Directing jobs to particular machines
Andreas posted today a short usage tip for people who need to direct their jobs to particular named execution hosts. It covers the syntax for referencing an execution host name after a queue name or wildcard character:
You can do this with the -q option: -q "*@comp28,*@comp29" or even shorter -q "*@comp28|comp29" with the -l option you can specify the host(s) like this -l h=comp28|comp29 if you have a large cluster with high throughput I recommend the -q being used since -q matchmaking is generally faster.
Note: One more additional syntax tip - remember your "@" vs. "@@" usage syntax:
-q all.q@comp28-- refer to a specific host-q all.q@@LinuxNodes-- refer to a specific hostgroup
Understanding queue error state 'E'
Working at my day job I usually handle SGE related questions from our customers and clients. This morning after responding to a support request concerning a SGE queue in state "E" I got curious and started trying to learn how often we had been asked this. It turns out that I've probably sent ~25-30 unique responses on this specific subject and each time my written response was different. This post is an attempt to create a single article that I can point people at as needed ...
Seeing "E" in the state column of qstat?
E state errors usually mean that an attempt to start a job failed in a spectacular manner and the Grid Engine qmaster decided to close off the queue instance to new jobs.
This is an important Grid Engine protective measure designed to keep your remaining pending jobs from a "black hole" draining effect in which they all successively get dispatched to the "bad" node die instantly with errors.

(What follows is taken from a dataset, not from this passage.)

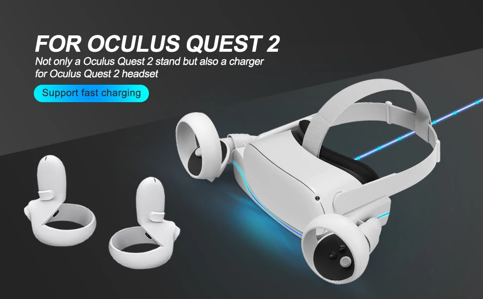 【 Высокоскоростная зарядка: поддержка быстрой зарядки, Встроенный смарт-чип. Oculus Quest 2 полностью заряжен всего за 3 часа. Зарядная Станция оснащена яркими дышащими лампами, так что процесс зарядки больше не монотонный, но красивый и удобный!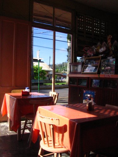 In our explorations of the town, we happened upon the last piece of Americana we would have expected to find in Latin America - a Taco Bell. We resisted the urge to pick up a couple of bean burritos and instead went to a nearby, slightly fly-infested soda (small, informal dining establishment). They spoke even less English than we did Spanish, but pooling together our collective vocabulary, with a fare share of pantomiming, we were able to get across the point that we wanted something to eat. We had an excellent fried fish dish accompanied by the staple of gallo pinto - rice and beans with various spices - all this combined with two bottles of water came to the very reasonable price of 4 bucks.

There are different causes to state E -- in most cases the root cause is is some large, systemic hardware or OS level error or misconfiguration. Typical examples include:
- The username of the job submitter does not exist on the execution host (extremely common)
- Shared filesystem failure
- Parallel jobs: syntax errors or bad commands in "start_proc_args" or "stop_proc_args" as defined within the parallel environment (PE)
- Serial jobs: syntax errors or a "prolog" or "epilog" script that does not exit with status code 0
- Serious path or path_alias problems (paths that exist on the submit host are different on remote execution host or have been improperly aliased
- Network, routing or DNS errors that are interfering with LDAP, NIS or DNS
I have seen a few cases of actual jobs crashing and causing queue instance state "E". Usually this seems to occur when the job itself has crashed and taken out its parent process (the 'sge_shepard' deamon). If your job is bombing bad enough to wipe out the parent sge_shepard process then SGE will usually toggle the queue instance into "E" state. This is still a fairly rare occurance so if you are trying to debug this situation I'd recommend first looking at Hardware and OS level issues before looking too closely at the job as a root-cause.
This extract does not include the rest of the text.